Michigan officials fight drunk driving with talking urinal cakes | The Detroit News | detroitnews.com

via Michigan officials fight drunk driving with talking urinal cakes | The Detroit News | detroitnews.com.

Talk about your captive audiences!

In an effort to cut down on drunken driving, the state is distributing the totally awesome named Interactive Urinal Communicators to some bars, restaurants and other drinkaterias in Wayne, Bay, Ottawa and Delta counties.

Yup, talking urinal cakes.

Four hundred of the cakes will be distributed to 200 eateries prior to July Fourth, said Anne Readette, spokeswoman for the Office of Highway Safety Planning, a division of the Michigan State Police.

“We’re doing this to draw attention to Fourth of July drunk driving enforcement,” Readette said.

“We want people to be safe and make responsible decisions.”

No joke: The company behind the product is Wizmark, a Crownsville, Md., outfit that bills itself as the only company in the world to produce interactive urinal cakes. Some sing and flash lights.

(Please resist the urge to envision a cake screaming: “I’m melting, I’m melting.”)

Actually the cakes offer a message that is short, sweet and entirely nonjudgmental: “Listen up. That’s right, I’m talking to you. Had a few drinks? Maybe a few too many?

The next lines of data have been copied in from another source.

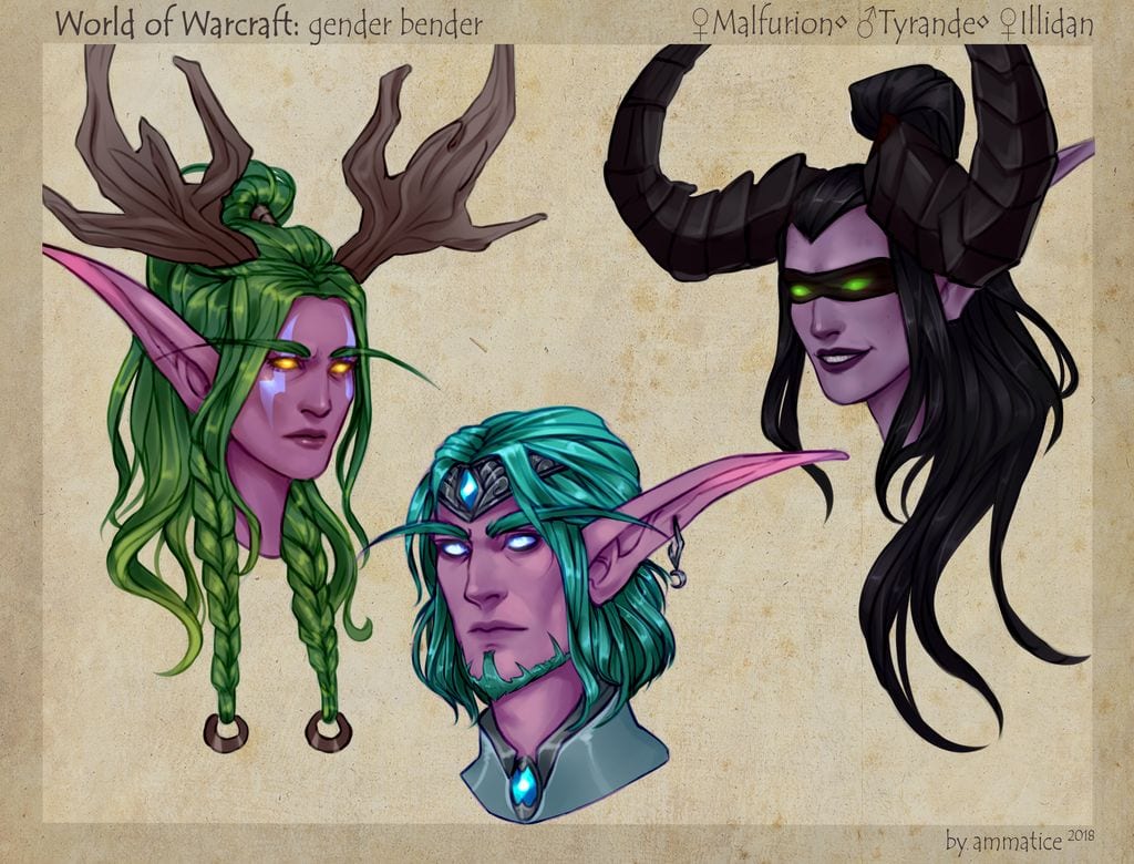 (Illustration N°4 représentant Malfurion en femme / Tyrande en homme / Illidan en femme)
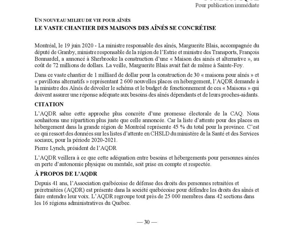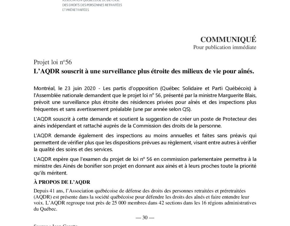 23 juin 2020 – Projet loi no56 | L’AQDR souscrit à une surveillance plus étroite des milieux de vie pour aînés.
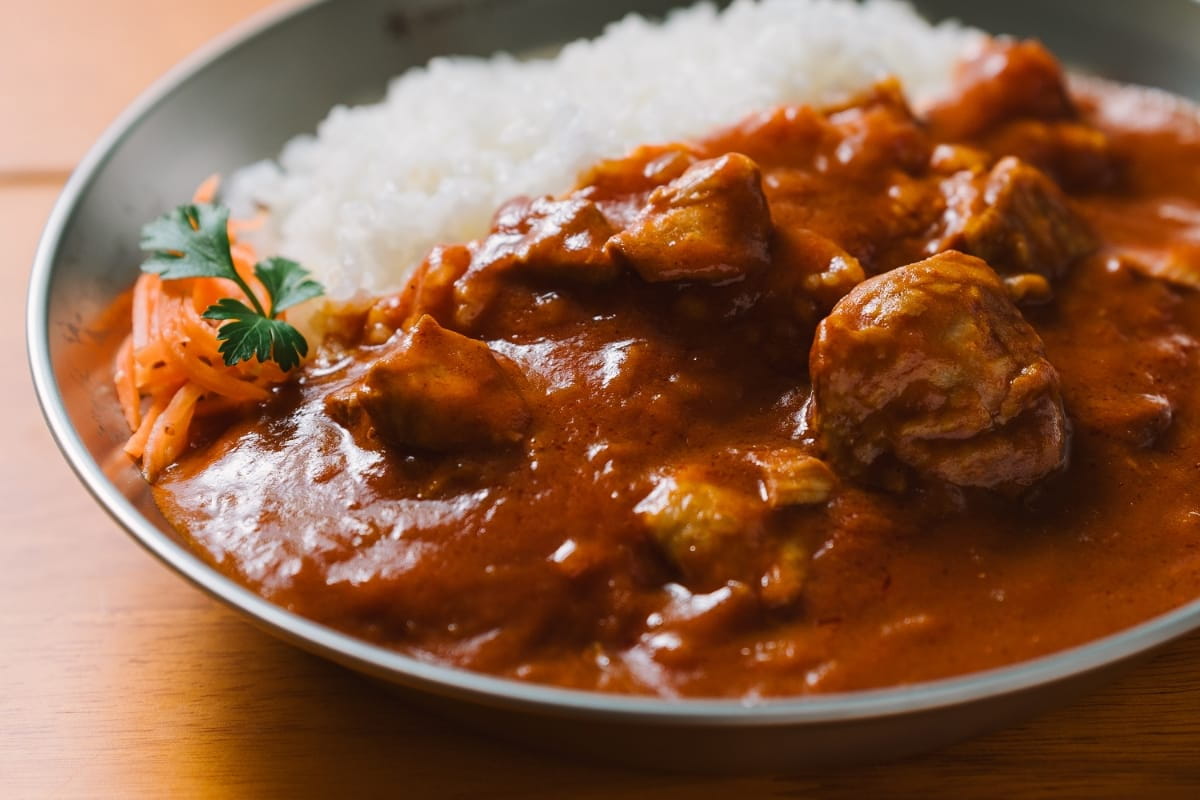 口当たり滑らか、濃厚なバターチキンカレー。上質な鶏肉とカルダモンなどの多彩なスパイスとバターのまろやかさが絶妙に調和し、贅沢な味わいが広がります。お子様でも食べやすい味に仕上げました。
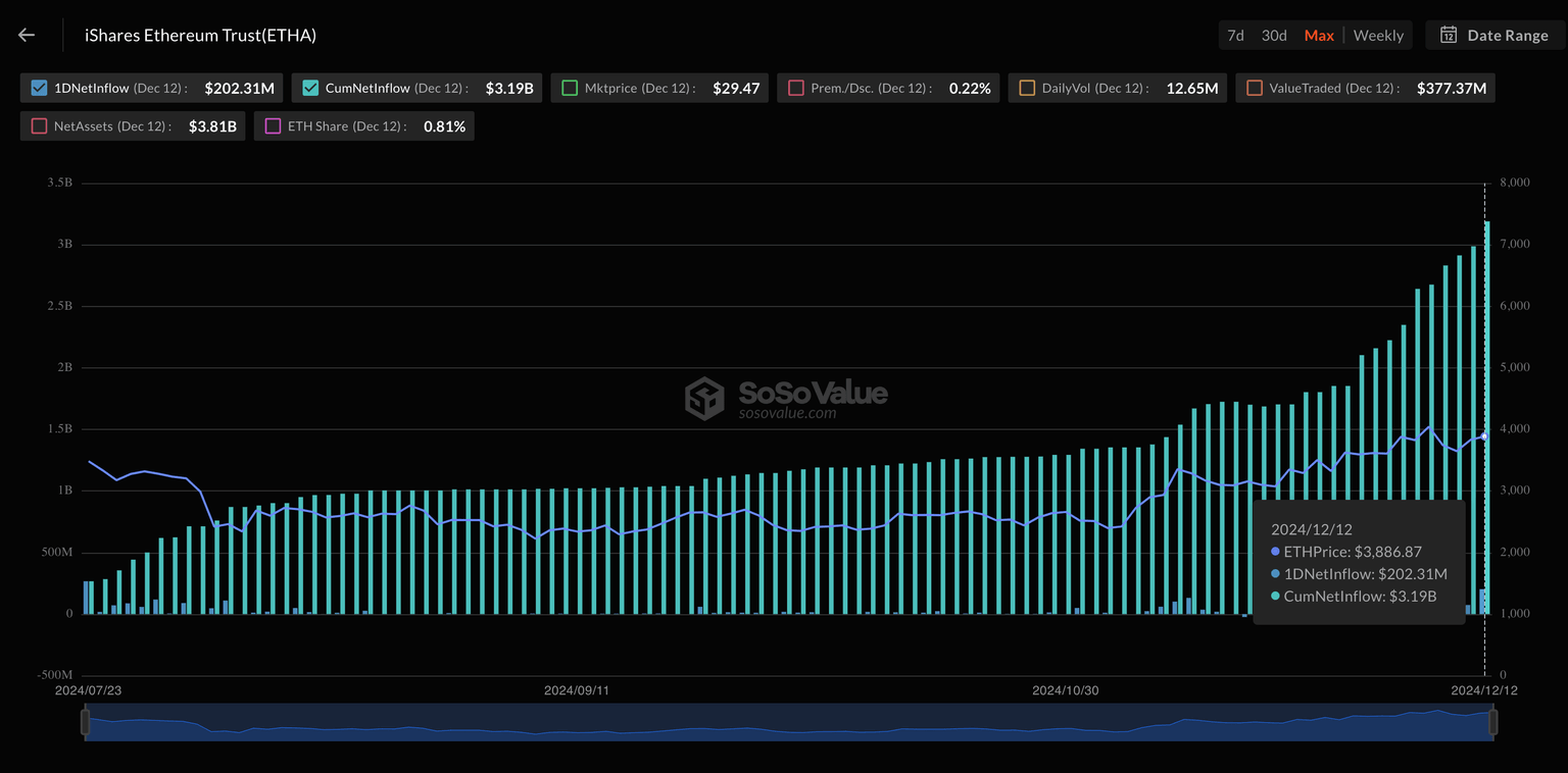Since Donald Trump nominated crypto-friendly Paul Atkins as Gary Gensler’s replacement in late November, US-based corporate investors have ramped up demand for Ethereum ETFs.

“Then do yourself and everyone else a favor: Call a sober friend or a cab. Oh, and don’t forget to wash your hands.”

In a way the cakes, which are activate by motion and not moisture, are a brilliant move due to “Guy Rules,” the unwritten but unalterable codes that guide men’s social behavior for every event in life.

Really, really high on the list is that dudes never, ever look or talk to the guy on either side of the urinal.

Guys are limited to looking down or staring straight ahead (never up, if you’re really hammered you might fall over backward, which would break another important GR.)

The state also took into account that the last stop most guys make before leaving a bar is to the men’s room.

The cakes run about $21 each, last for about three months (man, that is a lot of rain) with the tab picked up by federal traffic safety funds.

First prediction: Somebody, somewhere will inevitably reach in and (ewwww) steal one of the cakes.

Second prediction: You won’t find this in any “Pure Michigan” advertisement.